Into the minds of young performance makers

25 September 2019

WAAPA 3rd Year Performance Making Students, “TILT” ·
Blue Room Theatre, 11 September (programme 1) 18 September (programme 2) ·
Review by David Zampatti and Steven Cohen  ·

It’s tempting to think of WAAPA’s Bachelor of Performing Arts – Performance Making course as a hybrid, a combination of the established dramatic canon – acting, musical theatre, physical theatre, dance, puppetry – but that would misunderstand both its provenance and its contemporary real-world significance.

Shakespeare may be our greatest playwright, but, in his own time and in his practice, he was a theatre maker – writer, director, actor (small parts only) and entrepreneur bundled up into a marketable package.

More significantly today, though, theatre making is a response to the exigencies of paying the rent as a performing artist in these days of feckless and tight-arse funding, distracted audiences and crippling costs; it’s survival elevated to a distinct art form.

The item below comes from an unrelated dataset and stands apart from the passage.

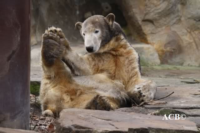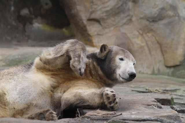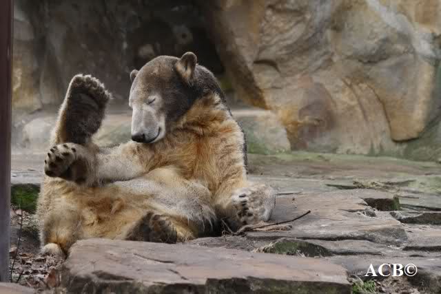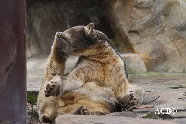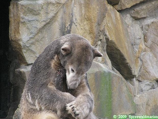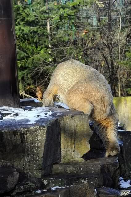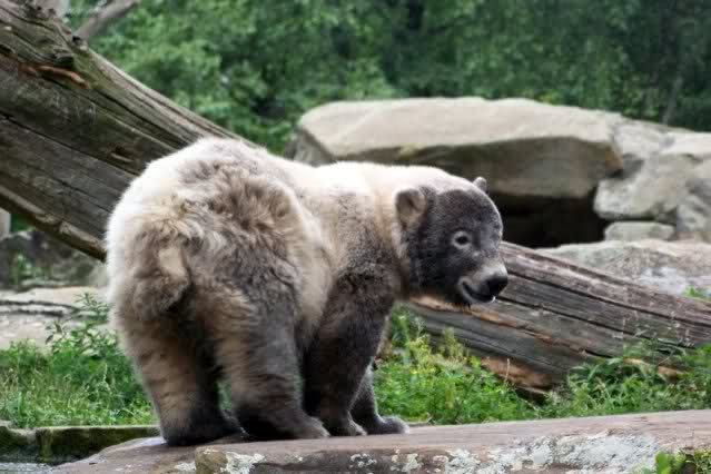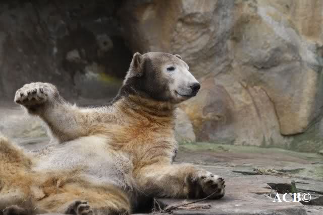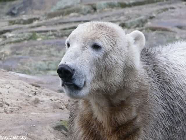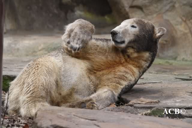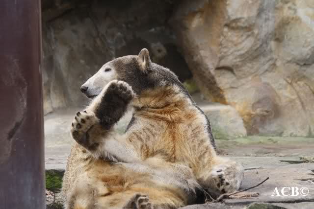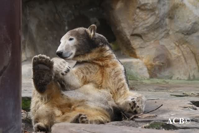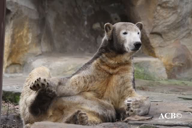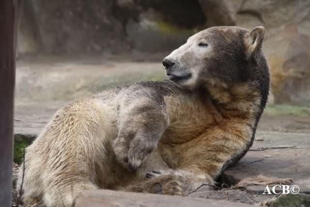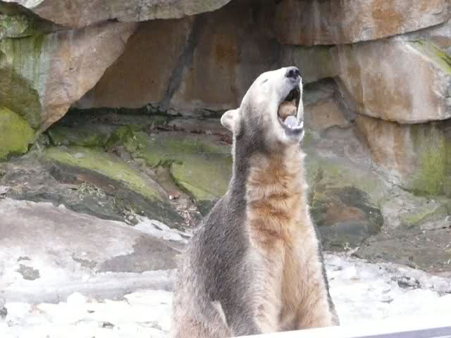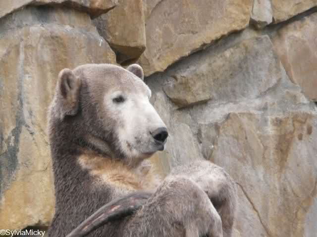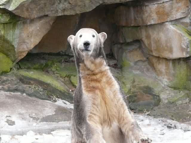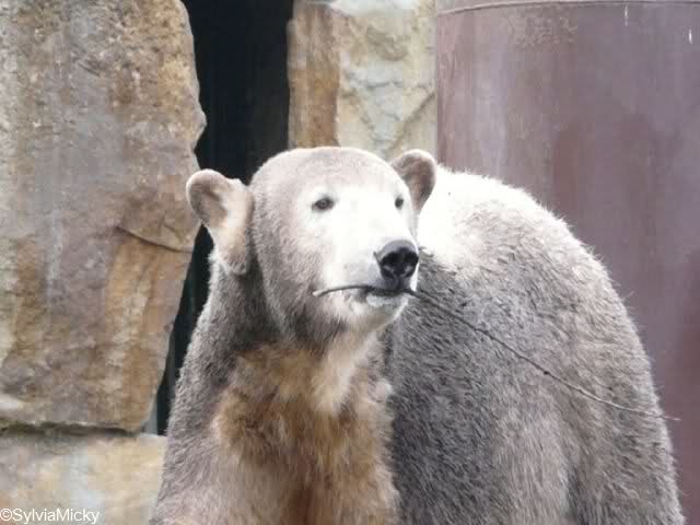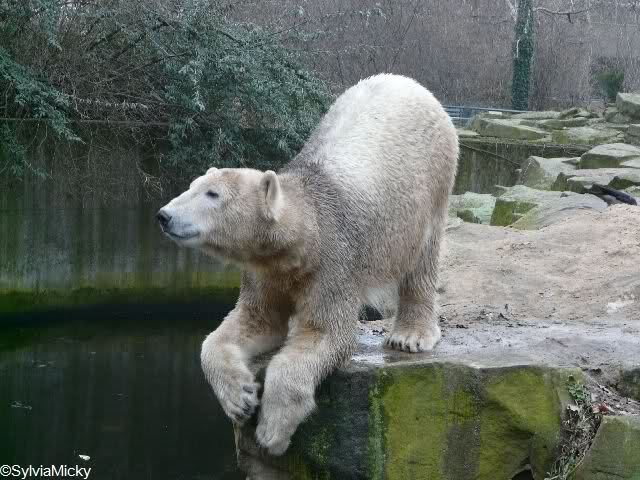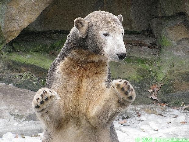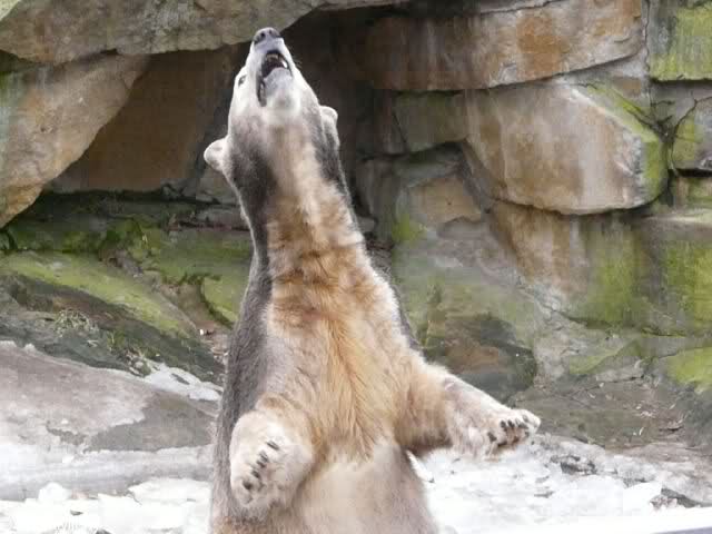 Heute war ich wieder im Zoo und leider wieder auf den letzten Drücker. Weil ich die Eisbärenfütterung nicht verpassen wollte, ging ich gar nicht erst zu Knut, sondern direkt zu den großen Eisbären, an den Malaien vorbei.

This year’s “TILT”, like its predecessors since 2015, is a series of short performances presented over two nights at the Blue Room Theatre. No doubt, like its predecessors, it will throw up ideas-in-waiting that will soon re-emerge on our stages, and no doubt some of them will succeed and some will fail to make the transition from short-form to full-out productions.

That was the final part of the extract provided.